Some of these things in the JavaScript world are some of the methods that are part of the Array prototype. These are quite often unknown to those getting to grips with the language, and in some cases even overlooked by those that have been using the language for some time. In no particular order these methods are Array.prototype.Map,  Array.prototype.Filter, Array.prototype.Find,  Array.prototype.forEach and finally Array.from.

These methods, with the exception of Array.from are defined on the JavaScript Array prototype, and because all Array instances in JavaScript inherit from this prototype, these methods are available to every single instance of Array you have in your code, ready to go whenever you are – without having to pull in any extra libraries! Happy days. There is one slight exception here though, Array.from is not defined on the Array prototype so you can’t use this on an array instance, more on this later though.

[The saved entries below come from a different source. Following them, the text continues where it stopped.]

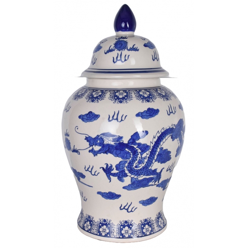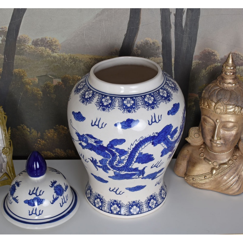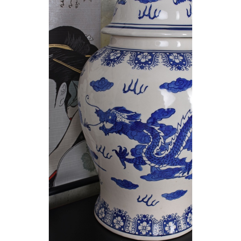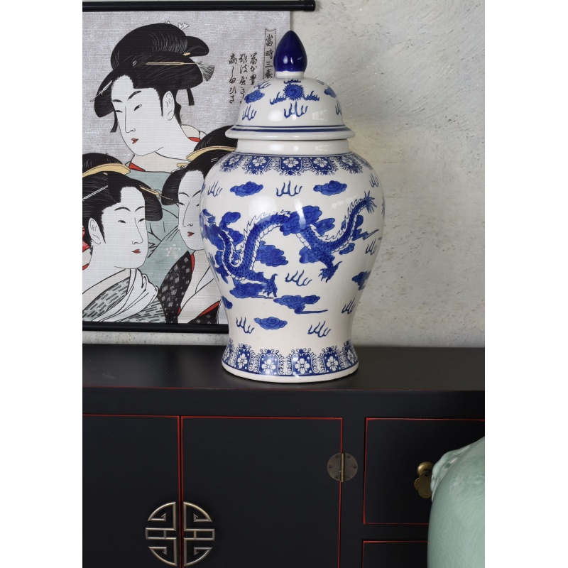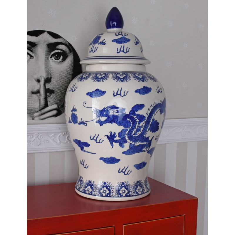 O amfora maginifica din portelan in stil chinoiserie, decorată cu o pictură detaliată a dragonului, un tribut adus tradiției artistice din Orientul Îndepărtat.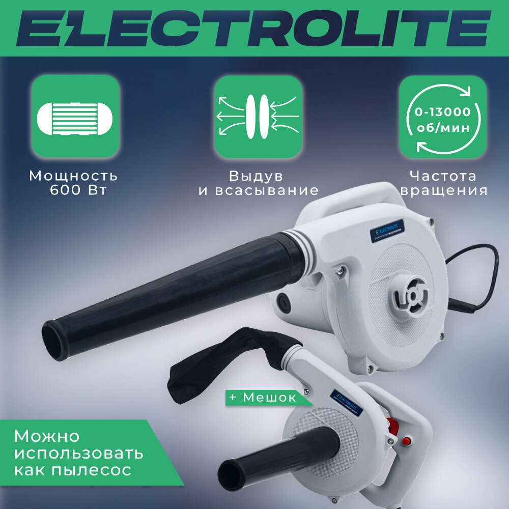 Воздуходувка-измельчитель электрическая Electrolite ВУ 300 ( 600 Вт, 180 м/ч, рег. оборотов, мешок ): сравнение цен, характеристики, фото, актуальное наличие и цены.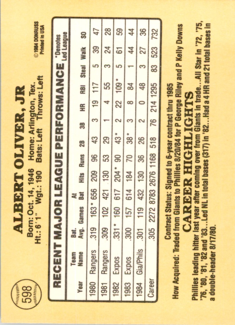 | 1985 Donruss 598 Al Oliver |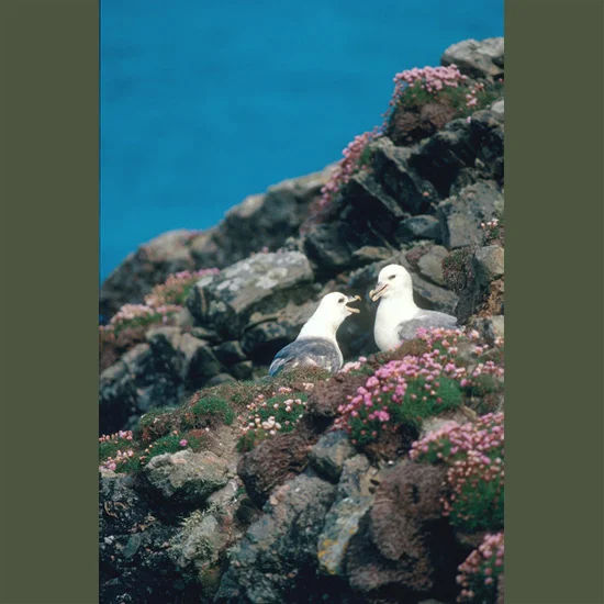 Fulmars, most abundant species, look out mildly from precariously balanced grassy overhangs— six feet (2 m) is diving limit of these plump little birds.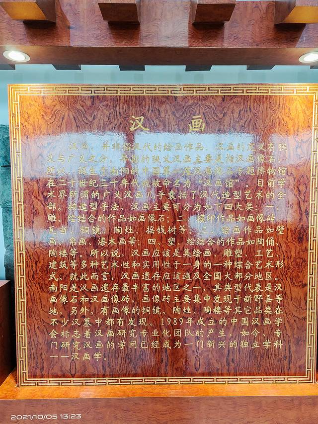 南阳汉画馆是中国第一座专门收藏、陈列、研究汉代画像石刻的艺术博物馆,创建于1935年10月10日。现在收藏汉画像石总量达两千余石,成为中国建馆历史最早、规模最大、藏品数量最多的一座汉代艺术博物馆,对外免费开放。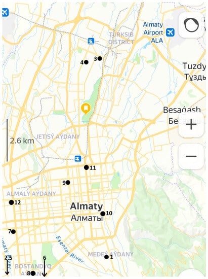Location of included salons in Almaty, Kazakhstan (from yandex.kz).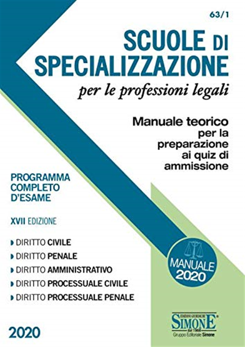 Le Scuole di specializzazione per le professioni legali (istituite con D.M. 537/1999) provvedono alla formazione comune dei laureati in giurisprudenza, attraverso un approfondimento teorico-pratico, finalizzato alla carriera di magistrato ordinario o all'esercizio delle professioni di avvocato o notaio. I corsi di tali Scuole si caratterizzano per il forte taglio pratico anche per sopperire all'impostazione meramente teorica che caratterizza la formazione universitaria. A tal fine l'attività didattica, svolta sia da docenti universitari sia da avvocati, magistrati e notai, viene svolta soprattutto attraverso esercitazioni, simulazioni di casi, stage e tirocini, formulazione di atti giudiziari, atti notarili, sentenze e pareri. La presente opera, di taglio teorico, si propone di venire incontro a tutti gli studenti che devono affrontare la prova preselettiva d'ingresso alle scuole di specializzazione. Questo volume, in particolare, è suddiviso in 5 libri dedicati ciascuno alle materie obbligatorie d'esame (diritto civile, diritto penale, diritto amministrativo, procedura civile e procedura penale) e consente un agevole ripasso delle singole discipline, in quanto tratta in maniera sintetica, ma esaustiva i principali argomenti, potenzialmente oggetto di domanda d'esame, tenendo conto che il lettore possiede già una conoscenza istituzionale acquisita durante il corso degli studi universitari: ciò spiega la peculiarità espositiva che si giova anche di tavole sinottiche soffermandosi con più attenzione sui concetti generali e sui principali istituti. Il lavoro è arricchito inoltre da esempi di domande che permettono di avere una panoramica sui possibili argomenti oggetto delle prove orali.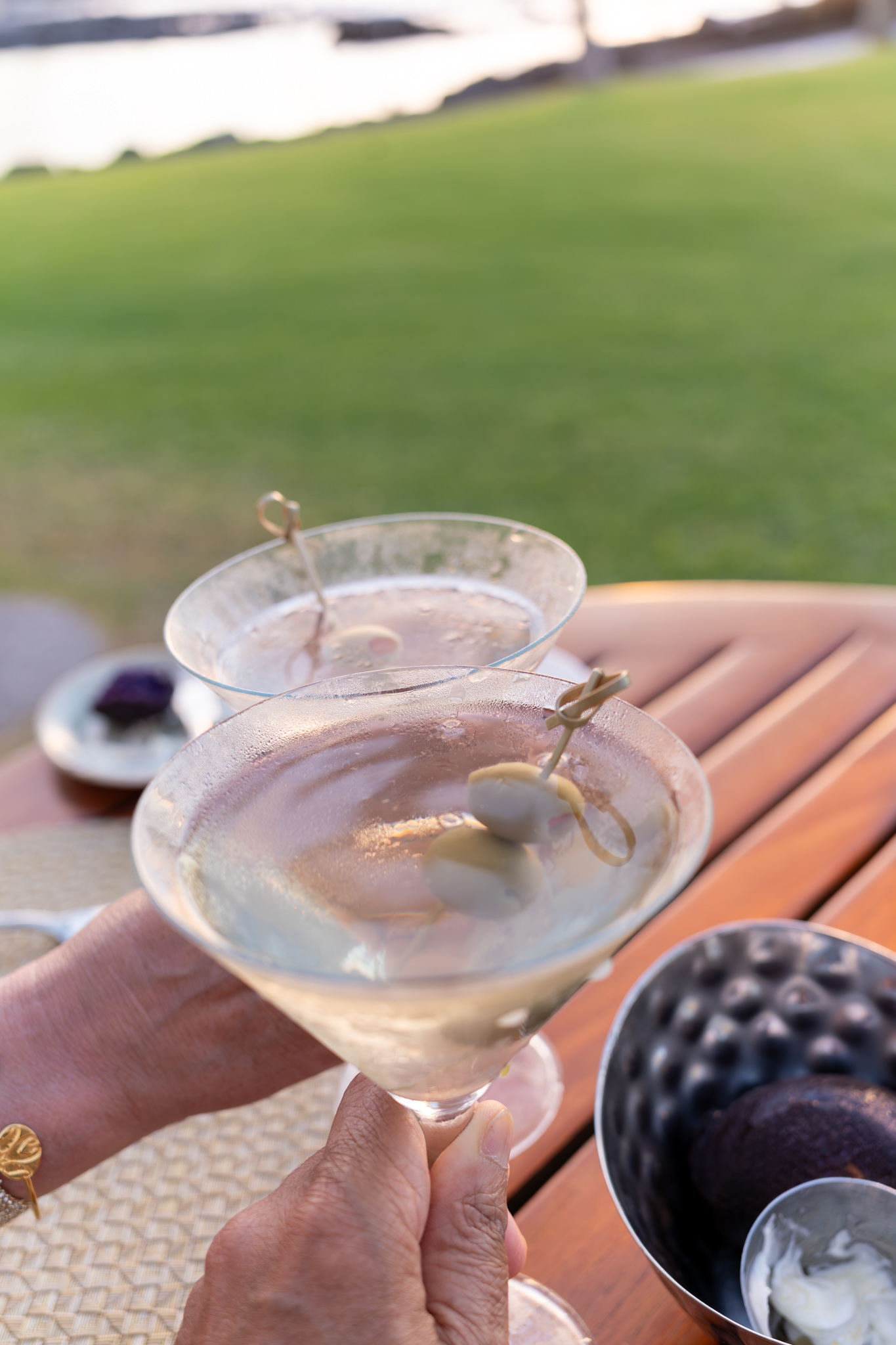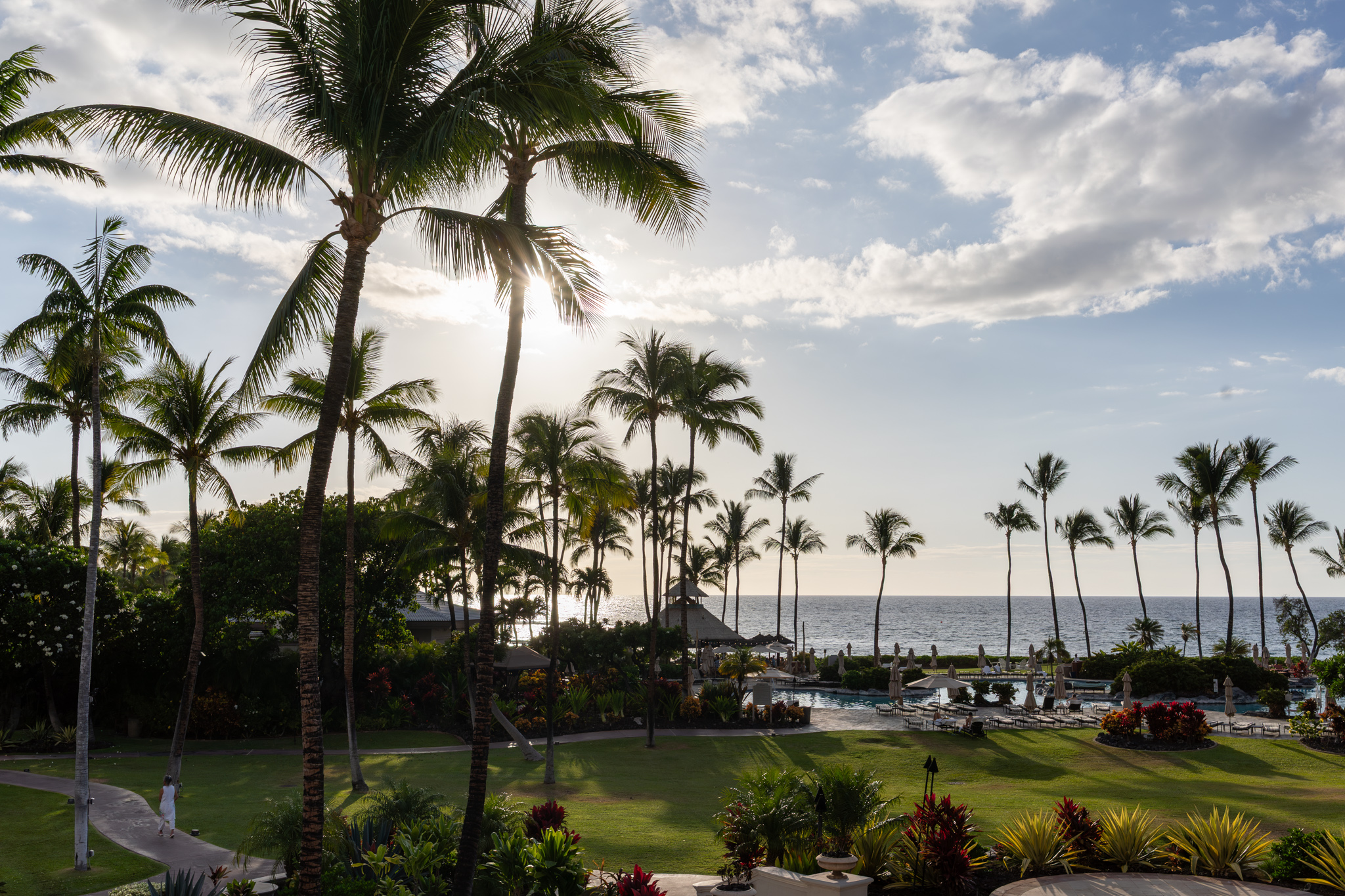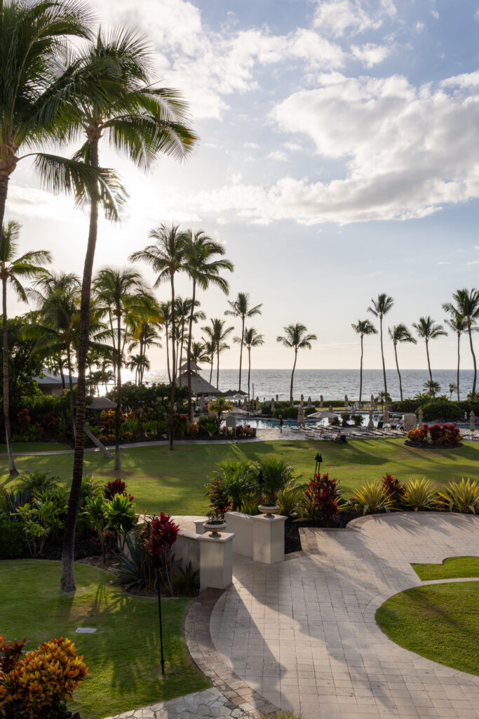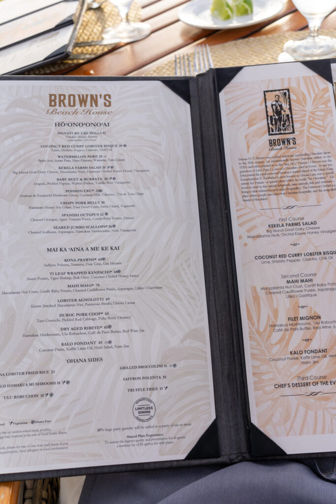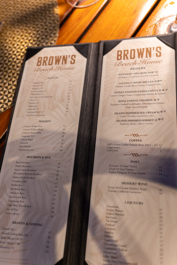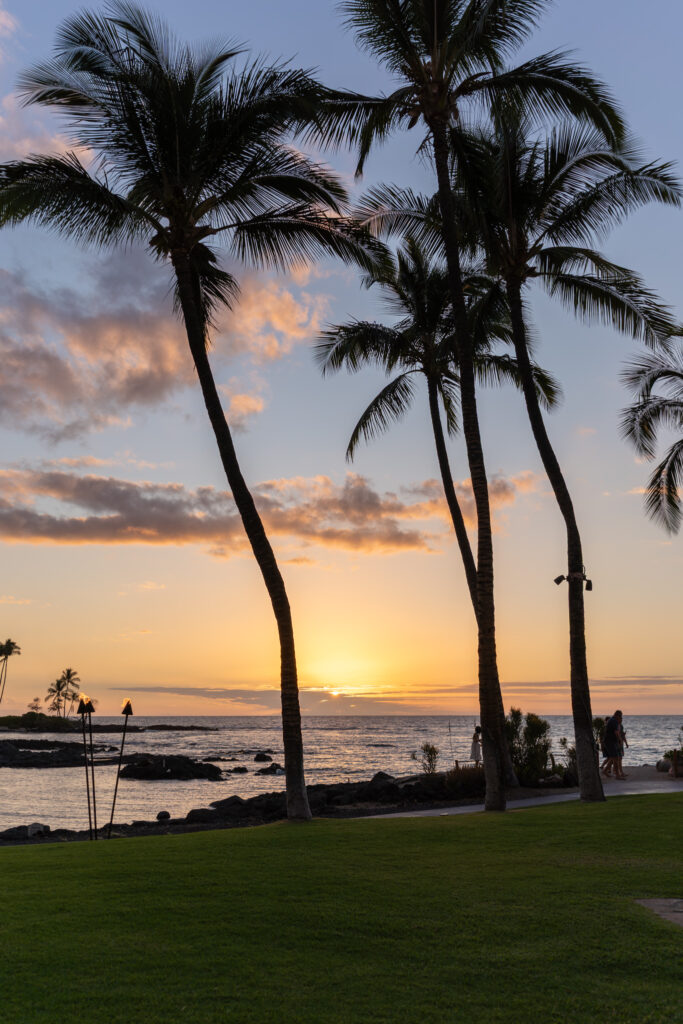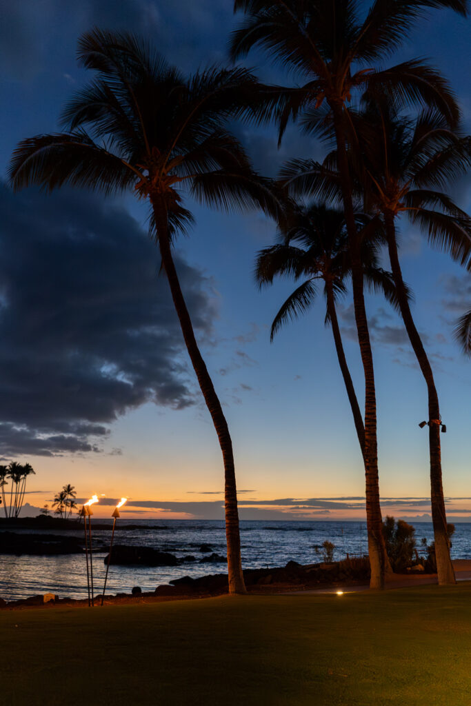 This was our penultimate night here on the big island. I booked us at the nicest of the dining options at the Fairmont resort. It was clearly a much nicer resort than any of the Hilton Waikoloa properties. Since we had an early seating (5:45 and the restaurant opened at 5:30), we were seated in one of the front row tables closest to the beach so we’d have an unobstructed view of the sunset.

Arrays are so ubiquitous in most codebases that learning even some these methods and how to use them effectively really pays off in the long run. This post will aim to explain some of these methods and give you some examples on how you can get started using them in your own projects.

forEach

Array.prototype.forEach  gives you a nice and easy-to-read way of iterating through each element you have in your array, essentially reducing the need of writing so many for loops. A simple example of this in use would be if we have an array of bears, or more specifically in this case, an array containing just the names of some bears.

If we needed to write a small program that will greet each bear we have in the array, there are a couple of ways we could approach this. One way of doing this would just be the tried and tested for loop as shown in the example below.

const bears = ["Yogi""Baloo""Po""Winnie""Bungle"];
function greet(bear) {
    console.log(“Hello there, ” + bear + ”!”);
}
for (let i = 0; i < bears.length; i++) {
    greet(bears[i]);
}
// Hello there, Yogi!
// Hello there, Baloo!
// Hello there, Po!
// Hello there, Winnie!
// Hello there, Bungle!


While there is nothing really wrong with this code, given that it achieves exactly what we want it to, for loops can be little tricky to understand at just a glance. The syntax of the loop isn’t the most readable thing in the world and we can make this code more much more readable and friendly by getting rid of the scary looking for loop syntax. A quick way of doing this is by using the forEach method thats available on our array instance.

const bears = ["Yogi""Baloo""Po""Winnie""Bungle"];
function greet(bear) {
    console.log(`Hello there, ${bear}!`);
}
bears.forEach((bear) => {
    greet(bear);
});
// Hello there, Yogi!
// Hello there, Baloo!
// Hello there, Po!
// Hello there, Winnie!
// Hello there, Bungle!

As you can see, the output of our new program is exactly the same as the old one. One of the benefits of this new way of writing our new code, however, is that any developer or future maintainer can now immediately see that that something is happening for each bear in our bears array. In this case, the greet function is being called.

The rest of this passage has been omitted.